Russia Accused of Blocking Inspectors From Accessing Alleged Chemical Weapons Attack Site

A team of international inspectors who arrived Saturday in the Syrian capital have not yet been permitted by Russian and Syrian authorities to access the site of an alleged chemical weapons attack, the director of the global chemical weapons watchdog agency said Monday.

“The Syrian and the Russian officials who participated in the preparatory meetings in Damascus have informed the FFM (Fact Finding Mission) Team that there were still pending security issues to be worked out before any deployment could take place,” Ahmet Üzümcü, director general of the Organization for the Prohibition of Chemical Weapons (OPCW) told the group’s Executive Council at an emergency meeting Monday in The Hague, Netherlands.

Üzümcü added that, “in the meantime” the Syrian government had offered the OPCW the opportunity to interview 22 “witnesses who could be brought to Damascus.”

Üzümcü confirmed that the team had arrived in Damascus but not yet reached the area of the Douma suburb where an April 7 bombardment left at least 40 people dead.
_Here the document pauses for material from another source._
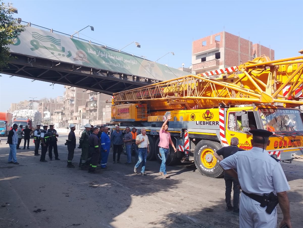 وصول أوناش عملاقة لرفع كوبري طوخ

The U.S., Britain and France say Syrian leader Bashar Assad used a combination of chlorine gas and a nerve agent to poison his own people in the attack, and the three nations launched missile strikes on Friday targeting alleged chemical weapons sites in response.

Russia has denied blocking the OPCW team access to the Douma attack site, and dismissed an allegation from Britain that it was doing so, “the latest conjecture of our British colleagues.”

Russian Deputy Foreign Minister Sergei Ryabkov was quoted early Monday as saying the mission wasn’t allowed access because it hadn’t secured an approval of the U.N. Department for Safety and Security. Later, however, as the United Nations secretary-general’s spokesman said all necessary approvals for the mission to Douma had been granted, Russian Deputy Ambassador to the U.N. Dmitry Polyanskiy said Ryabkov had been misquoted earlier.

Earlier, Russian officials had suggested the inspectors couldn’t go to Douma due to security concerns caused by the U.S. and allied strikes early Saturday morning in Syria. Polyanskiy endorsed that reasoning in a tweet, saying “all obstacles” to the mission “might come as a result of the US-UK-FR aggressive action.”